Hello,
as the title says I’ve run into this problem.
I am implementing an n-body simulation.
Here’s the relevant code:
https://gist.github.com/wulfihm/47660970572343d9ceb60e812ff0455b
blockDim.x is 128, as is THREADS_PER_BLOCK.
(If you want to see the rest, here: GitHub - hwulfmeyer/N-Body-Simulation: small project for a n-body simulation for cuda & single threaded
But shouldn’t be necessary.)
The code in line 13-16 should result in bank conflicts but when I am profiling with nvprof “nvprof --events shared_st_bank_conflict ./nbodysim.exe” it tells me that I don’t have any.
You think I should be happy about that but it’s driving me mad because on my laptop it tells me I have bank conflicts.
My desktop pc uses a GTX 960 (CC 5.2), my laptop NVS4200m (CC 2.1). Both with CUDA 8.0.
Why do I think there are bank conflicts?
Float4 is 16bytes, so one float4 should reside in the first 4 banks (1 bank has 4byte).
So smPos[i].x, smPos[i+8].x, smPos[i+16].x, … and so on should all reside in the same bank. For 32 warps that makes a 8(I think) way bank conflict. I am accessing x,y,z,w, that makes 4*8 way bank conflicts per 32 warps per thread.

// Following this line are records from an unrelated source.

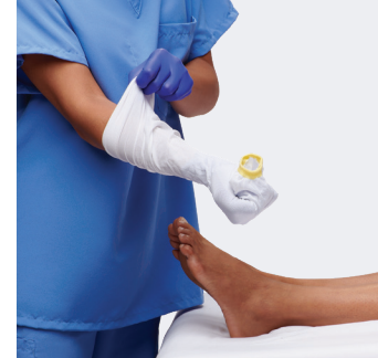
Grasp heel pocket. Look for the square. This is the heel pocket.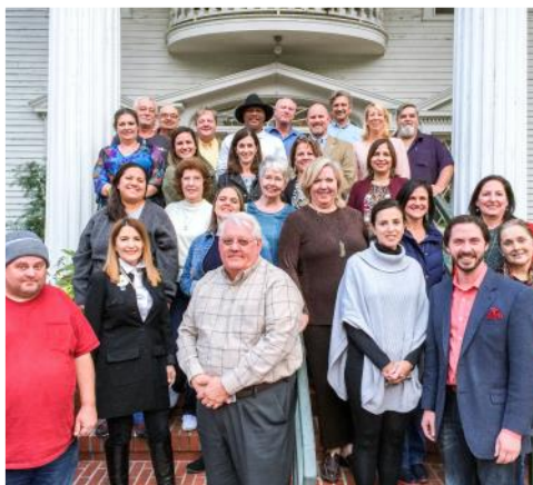
GALA COMMITTEE includes volunteers from our staff, residents, Clubhouse members, and the Greater Houston Community.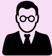
A municipal Ombudsman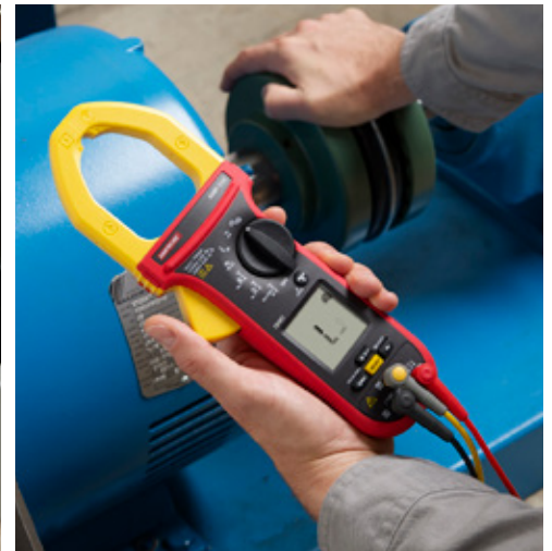
AMP-330 AC/DC 1000 A Clamp Meter Industrial Motor Maintenance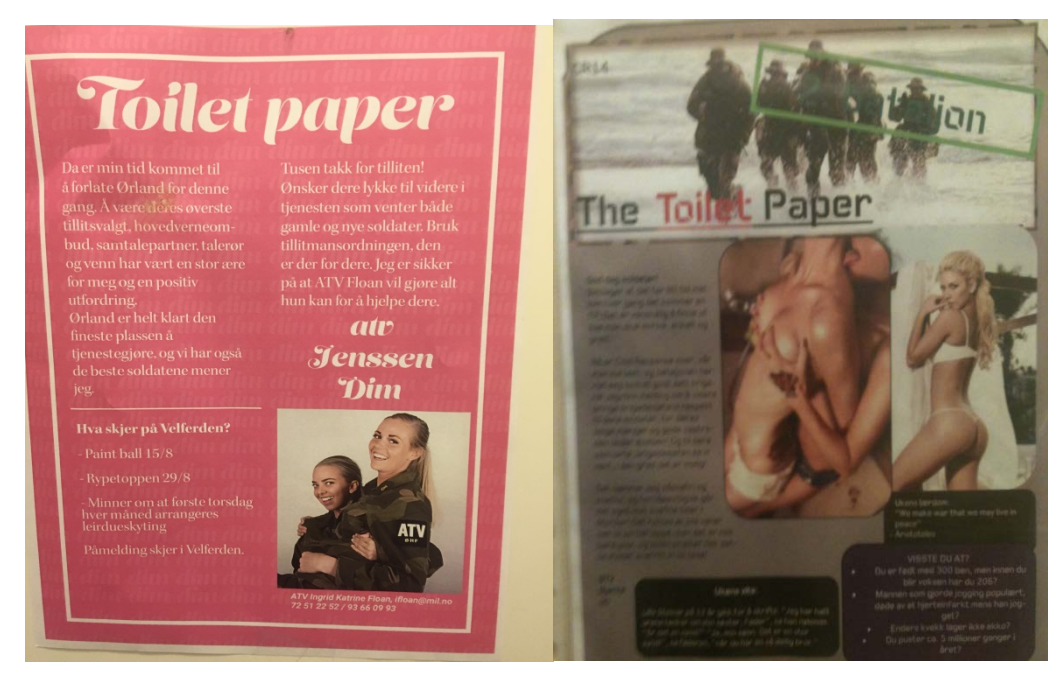
Figure 4.2 Contrast between a Toilet paper in a unit with a high percentage of women (left), and in a unit with a low percentage of women (right).

army battalion with few female soldiers, show a stark contrast between seemingly different cultures. The Toilet Papers are produced by local representatives elected by the soldiers.<sup>11</sup>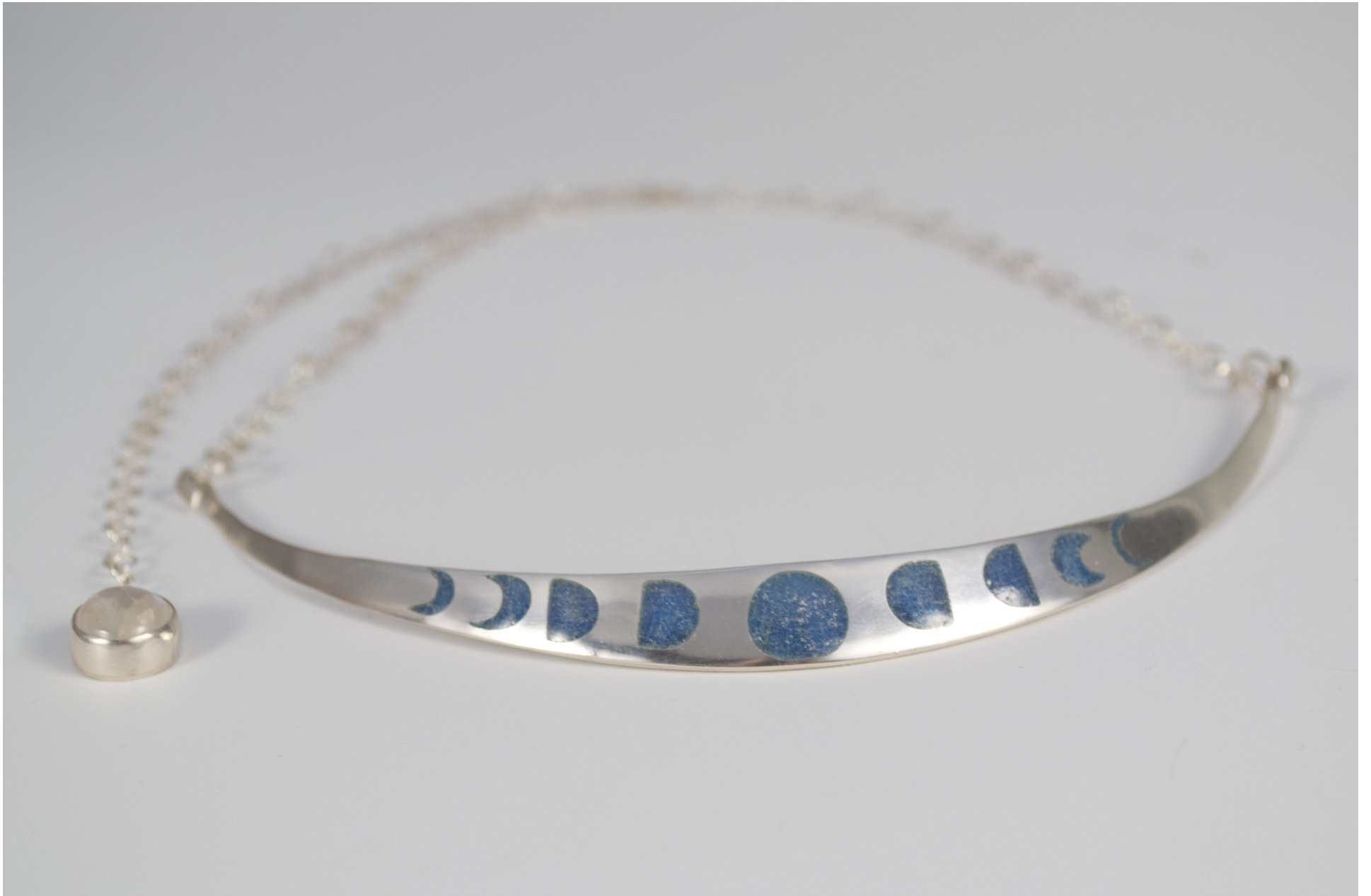
Figure 8: Moon-Phase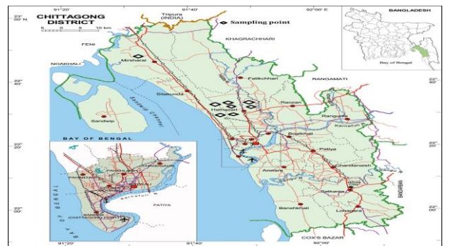
Figure 2 Map showing sample collection points of Hathazari (Non-industrial area).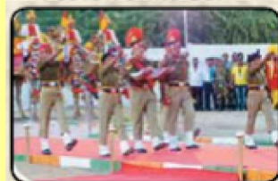
RETREAT (PARADE) BY BSF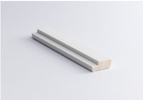
Mesa Primed FJ Pine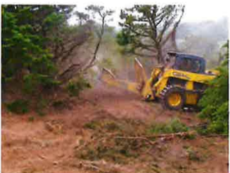
(Above) Native Prairie Restoration.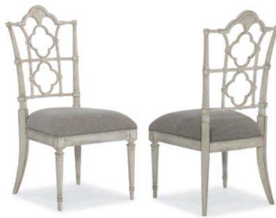
1610-75510-WH Side Dining Chair

Rubberwood and Hardwood Solids with Fabric: Fabric: Deep Fog 20W x 26D x 44 1/4H (51 x 66 x 112 cm) shown on page 5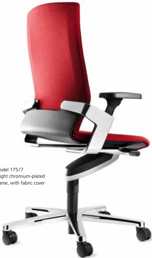
Model 175/7 Bright chromium-plated frame, with fabric cover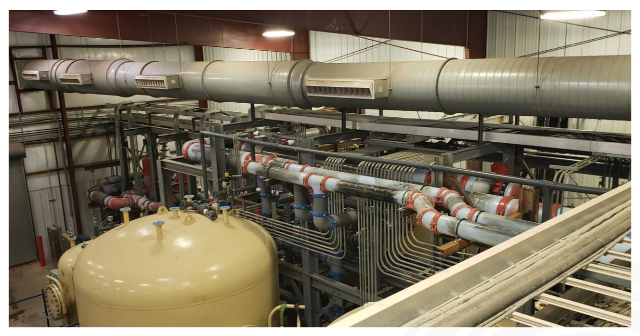
Figure 2 – Modified piping systems within the Ross Plant-Lance

On 31 August 2023, the Company announced its intention to expand the existing Lance plant facility production capacity from 0.8 Mlbs p.a. to approximately 2.0 Mlbs p.a. The Company is also adding the capability to produce a saleable dry yellowcake product at the Lance plant facility so that it will no longer be dependent on third party toll-milling services. Final engineering work for the plant capacity and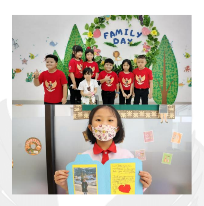
Image 1.33 Value Congruity – Formal School 2022 Family Day & Father's Day Celebration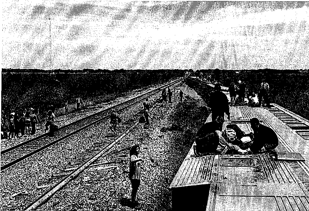
Figure 2: Passengers climb from the derailed Amtrak train on June 27, 2022.

18. As a result of the collision, the Plaintiffs were violently thrown within the derailed Amtrak train and sustained serious injuries.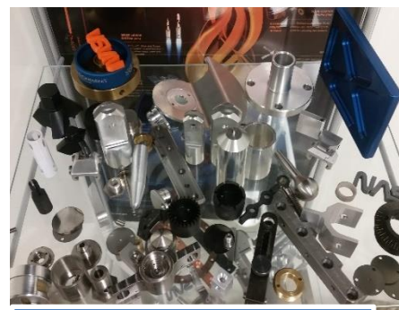
All materials/ coatings !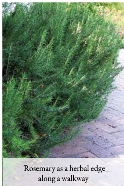
Rosemary as a herbal edge along a walkway

Lavender: Lavandula angustifolia ‘Hidcote’ is 2’ tall × 2’ spread or large cultivars like ‘Grosso’ at 3’ tall × 4’ spread or ‘Phenomenal’ at 3’ tall × 3’ spread.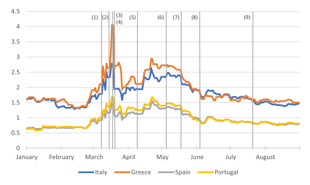
FIGURE 2 Selected Eurozone sovereign debt spread (in%). Source: Bloomberg. Spreads are reported as compared to yields on German bonds. List of events: (1) Italian nationwide lockdown. (2) German border closure. (3) ECB PEPP. (4) Suspension of the SGP. (5) ESM PCS facility. (6) German constitutional court ruling. (7) French-German initiative for cross-country transfers. (8) ECB PEPP increased. (9) EU Council Agreement on Next Generation EU

Source: Bruegel dataset as of June 23, 2020. Notes: Discretionary 2020 fiscal measures adopted in response to COVID-19, in % of 2019 GDP. Immediate fiscal impulses are additional expenses and foregone tax income that lead to an irreversible deterioration of the fiscal balance. Deferral are measures reporting tax collections. Liquidity provisions and guarantees are contingent liabilities that might materialize into actual expenses.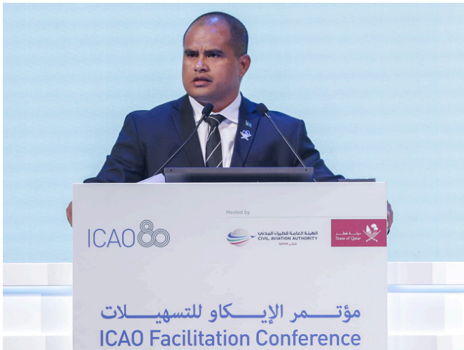
Minister Aliklik says conference theme resonates deeply with Nauru

Nauru reaffirmed its commitment to regional cooperation on air transport and the need for greater support to building resilience and capacity within the Pacific aviation sector.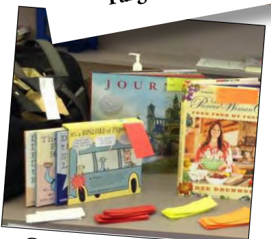
Cavalier County Library Celebrated National Library Week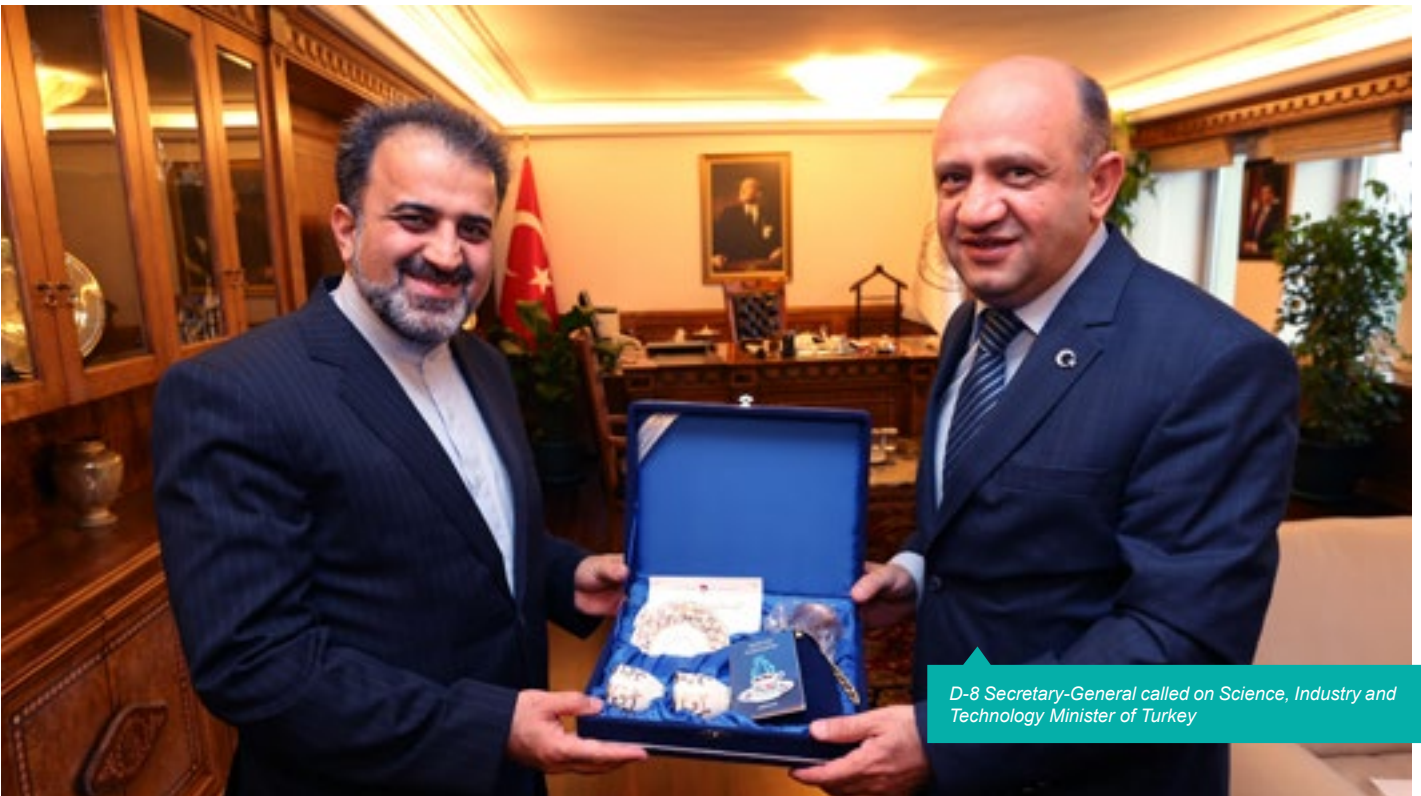
D-8 Secretary-General called on Science, Industry and Technology Minister of Turkey

D -8 Secretary-General, Seyed Ali Mohammad Mousavi paid a visit to Mr. Fikri Işık, Minister of Science, Industry and Technology of Turkey on 31 October 2014 in Ankara.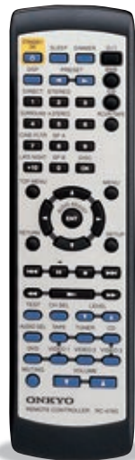
Full-function RI Remote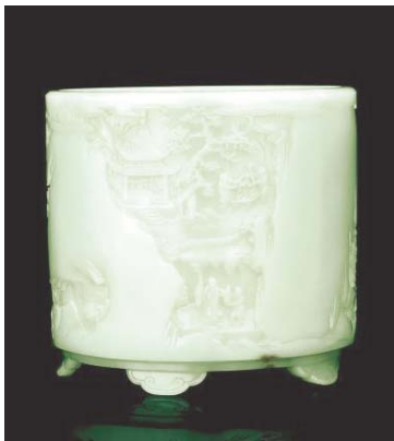
A magnificent white jade cylindrical brushpot, Qianlong period (1736-1795) (Lot 1518) 18 cm. high Estimate: HK$10,000,000-15,000,000/ US$1,300,000-1,900,000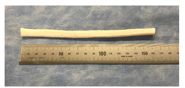
Starting biological tissue for artificial ligament

The Teijin-CTBE alliance is based on synergies in development fields, business strategies and proprietary technologies. CTBE will develop an artificial ligament derived from decellularized animal tissue for reconstruction surgery of knee anterior cruciate ligament (ACL), which connects the thighbone and shinbone, and seek approval for manufacturing and marketing, while Teijin will develop the technology for mass production with CTBE.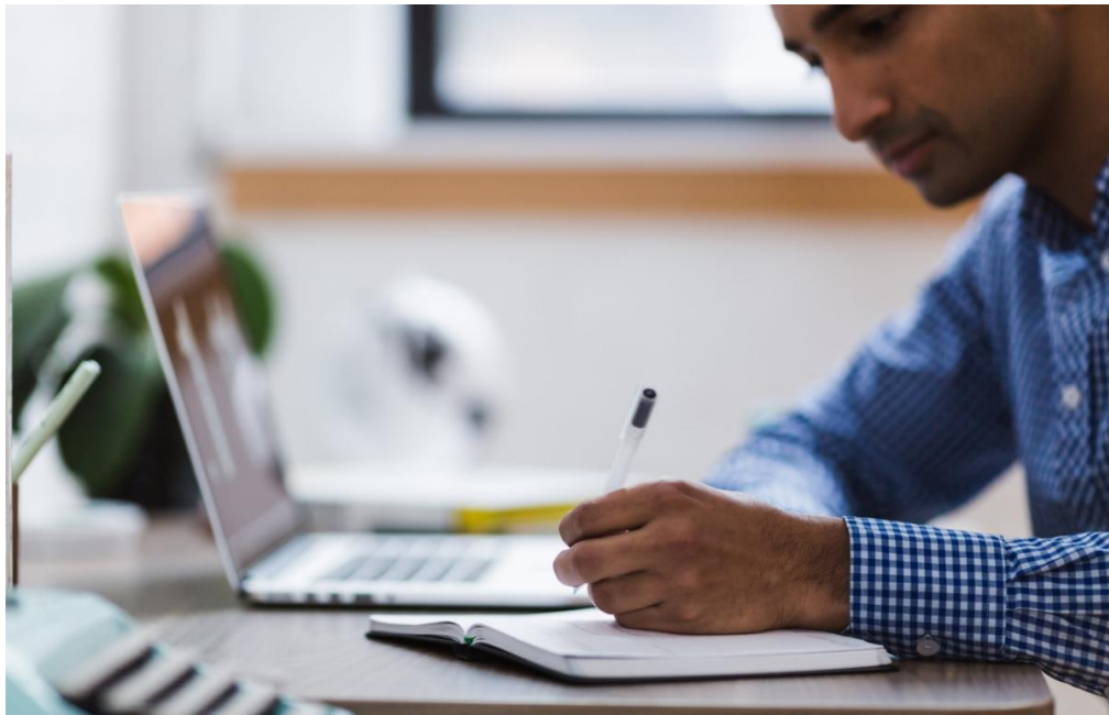
Foundations of Equitable Grading

The SCCOE is offering an online, self-paced course for Foundations of Equitable Grading. In this training, attendees will reflect on current grading practices and how they support students,

So I thought, maybe nvprof is erroneously reporting 0 bank conflicts and I tried to implement code that wouldn’t produce bank conflicts.
struct float4pad{
float x,y,z,w,pad;
};
That should fix it when I use this for my shared memory variable. And yes, nvprof still tells me 0 bank conflicts as expected. The speed also roughly stays the same, so nvprof is not faulty.
Funnily enough when I use a struct with float4 like so:
struct float4pad{
float4 body;
float pad;
};
I get bank conflicts.
So it seems float4 has a different behaviour regarding memory than normal floats. One explanation would be that float4’s are all saved into the same bank and thus we don’t have bank conflicts since we have linear accessing.
So what is happening with float4 on the cuda device? Strangely I couldn’t find an answer anywhere. Since I can observe a different behavior regarding float4 on my laptop with and older card I think it has to do with the compute capability and a feature for float4 probably.
Thanks in advance!